Boualem Sansal, écrivain franco-algérien reconnu, est depuis toujours un auteur engagé. À travers ses romans et essais, il aborde des thèmes sensibles : les dérives autoritaires, la montée de l’islamisme radical, la critique des régimes autoritaires et la dénonciation du colonialisme. Son regard acéré sur les enjeux politiques et sociaux lui a valu autant de reconnaissance internationale que de vives critiques.
Emprisonné depuis la mi-novembre, l’écrivain a récemment quitté l’hôpital, mais demeure incarcéré en Algérie, dans un état de santé particulièrement fragile. La lourdeur de cette condamnation et le fait que celle-ci cible un intellectuel dans un tel état physique suscitent une inquiétude grandissante. En 2025, la littérature est-elle encore un espace de liberté ou est-elle désormais un terrain de répression ?
La situation de Boualem Sansal incarne une étape inquiétante dans la répression des idées. Si l’histoire regorge d’exemples d’écrivains censurés, emprisonnés ou persécutés pour leurs idées, il semble que nous assistions à un phénomène plus insidieux. Ce n’est plus seulement une interdiction de leurs écrits, mais une volonté de punir les individus et de les empêcher de prendre position.
Alors que la répression idéologique s’intensifie à travers le monde et que les libertés semblent être peu à peu mises en marge, la question qui se pose n’est plus simplement théorique : peut-on encore écrire librement, sans craindre les conséquences ? Peut-on dénoncer, alerter, sans risquer l’emprisonnement, la violence, ou l’invisibilisation ?
Il y a quelques semaines, un autre exemple de censure littéraire a secoué les États-Unis. L’interdiction de Maus, le roman graphique d’Art Spiegelman retraçant l’histoire de la Shoah, a suscité un débat majeur. Cette décision, prise par certaines autorités scolaires, s’inscrit dans un contexte de contrôle idéologique grandissant et d’instrumentalisation de l’histoire, témoignant d’une volonté de contrôler les idées et d’effacer certaines mémoires.

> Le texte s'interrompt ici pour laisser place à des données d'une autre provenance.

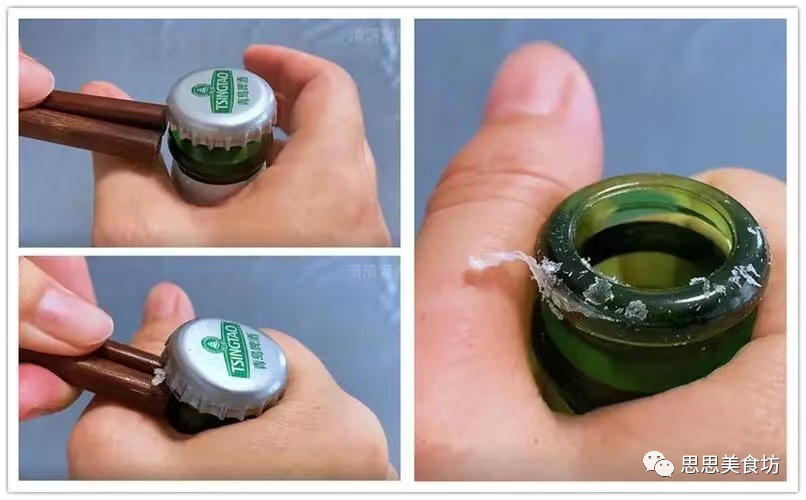 将一只手抓住啤酒瓶盖底部,然后将一端稍粗的筷子放在瓶盖与大拇指中间,用力一撬,瓶盖便会迅速松开。这是利用了杠杆原理,用筷子的力量撬动瓶盖,达到开启的目的。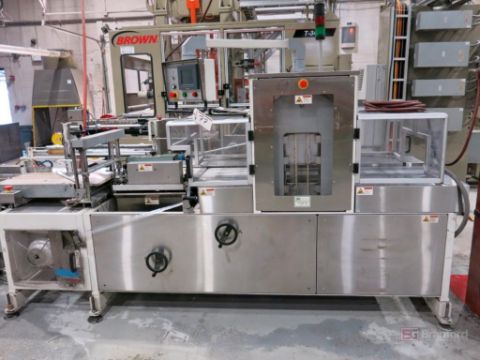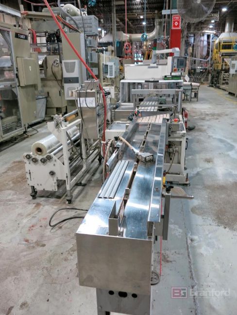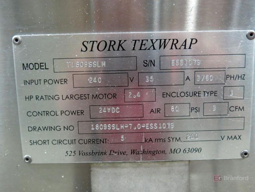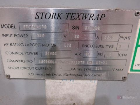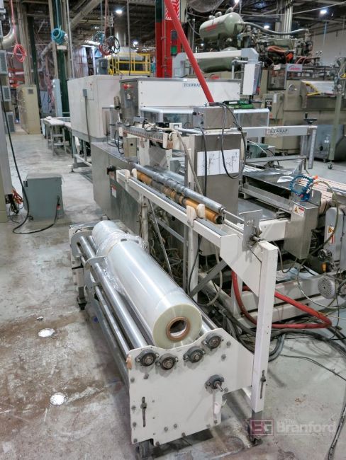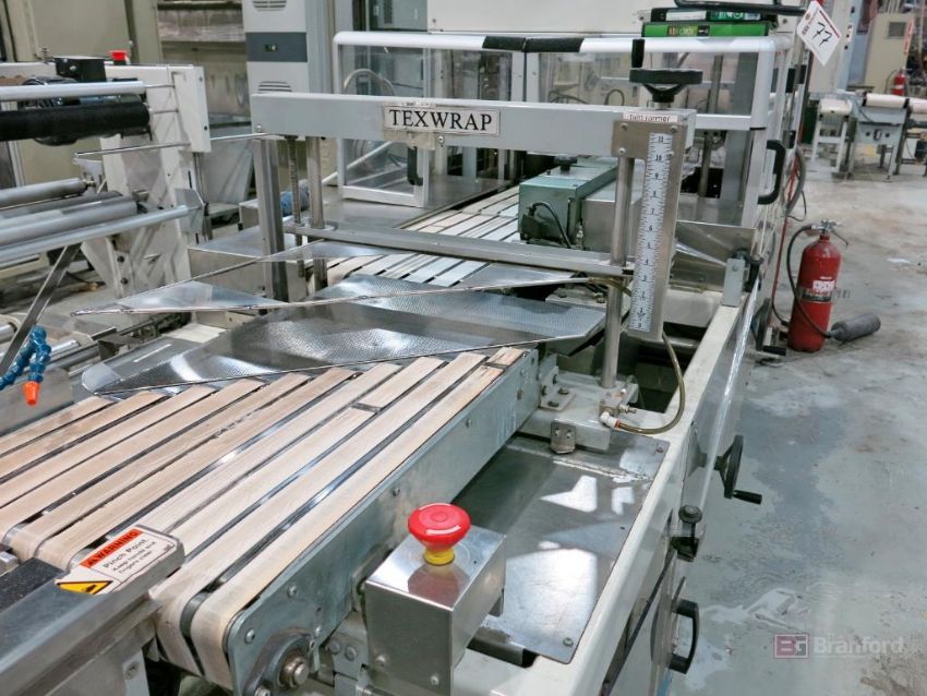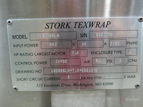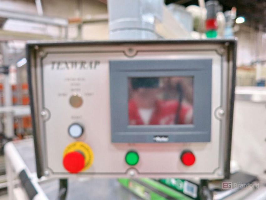 Texwrap Model T1809SSLH Wrapping Machine w/ Stork Texwrap Model BTO-SA275 Infeed Indexer, Roll Dispenser, Texwrap/Parker Digital Display Controls, Green Machine Side Sealer, w/ Assoc. Transformer, S/N ESS1079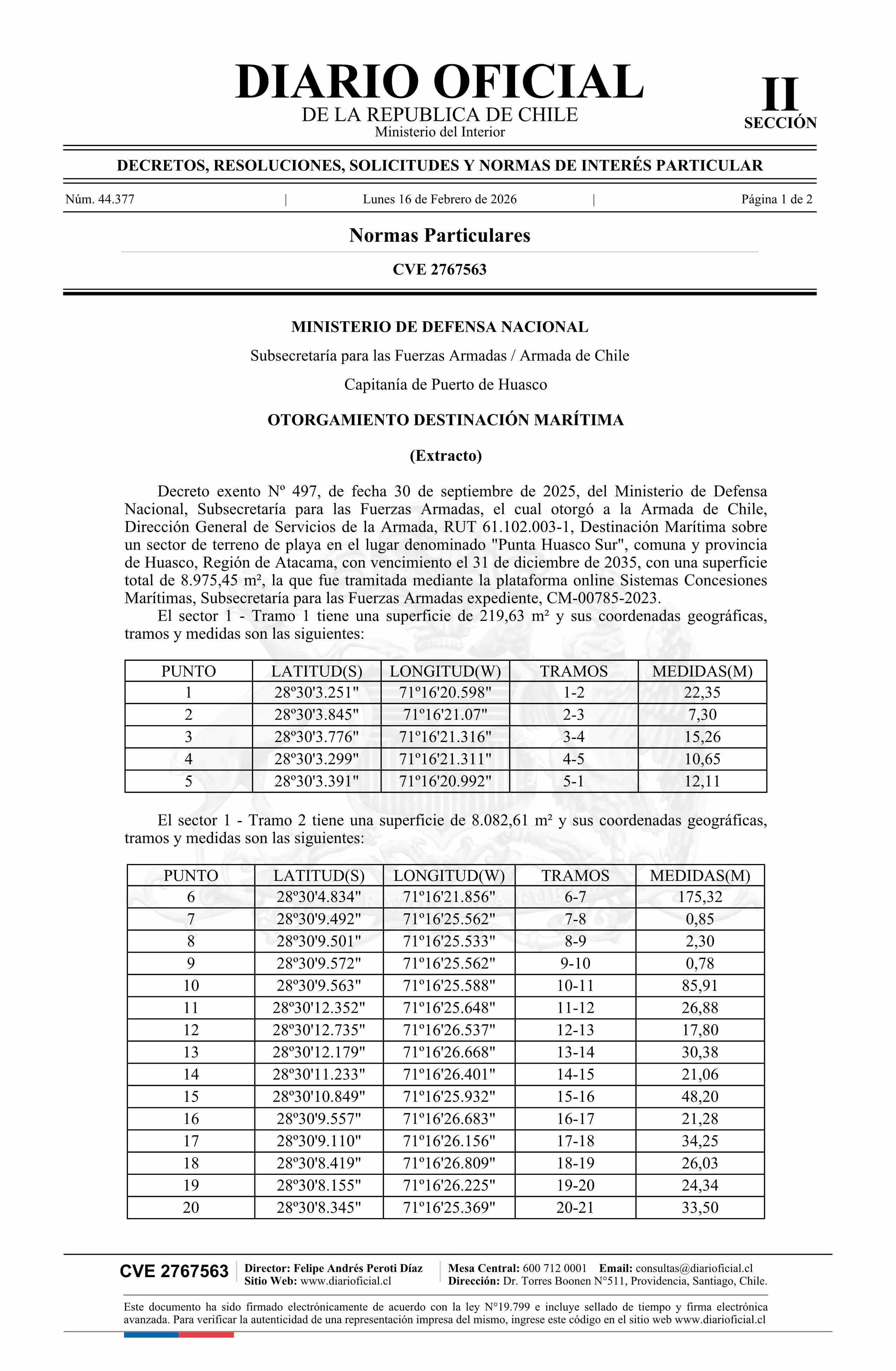 | Fuente: | Diario Oficial Edición Electrónica (Diario Oficial de Chile - 2 Normas Particulares) | Página(s): | 15-16 |

Si Boualem Sansal, un écrivain mondialement reconnu, peut être ainsi emprisonné, quelle est la situation des voix moins visibles, moins médiatisées ? Quelle est la place laissée aux jeunes écrivains, journalistes ou militants dont les voix sont souvent étouffées avant même de pouvoir s’exprimer librement ? La répression idéologique, artistique et politique ne s’arrête pas aux figures célèbres ; elle frappe également ceux et celles qui, à moindre échelle, tentent de s’opposer à l’ordre établi.
En France, une autre forme de pression se fait sentir, cette fois-ci à travers le secteur éditorial. L’influence grandissante de Vincent Bolloré, un éditeur et homme d’affaires aux convictions revendiquées d’extrême droite, sur le paysage littéraire français, alerte sur les dérives de la concentration des médias et de la culture. Son empire médiatique et éditorial exerce une pression subtile, mais omniprésente sur la diffusion des idées, au point de nuire à la diversité de la pensée dans le monde du livre.
En réponse, des éditeur.ices et des acteur.ices du monde littéraire se mobilisent pour dénoncer cette situation. Depuis les législatives de juillet 2024, la campagne Désarmons Bolloré a pris de l’ampleur. Un recueil intitulé Déborder Bolloré, Faire face au libéralisme autoritaire dans le monde du livre, soutenu par une cinquantaine d’éditeurs indépendants, paraîtra en juin 2025. Ce projet collectif est une forme de résistance face à un contrôle croissant sur la production et la diffusion des idées.
La répression croissante de la pensée critique à travers le monde, qu’il s’agisse de Boualem Sansal, de l’interdiction de Maus ou de la concentration des pouvoirs éditoriaux en France, pose un défi majeur à la liberté d’expression. Aujourd’hui, plus que jamais, il est crucial de soutenir celles et ceux qui se battent pour maintenir la littérature et l’art comme des espaces de résistance, d’expression et de liberté.
La question n’est plus seulement de savoir si l’on peut encore écrire, mais de savoir jusqu’où ira cette répression et quel prix les écrivains devront payer pour leur liberté de parole.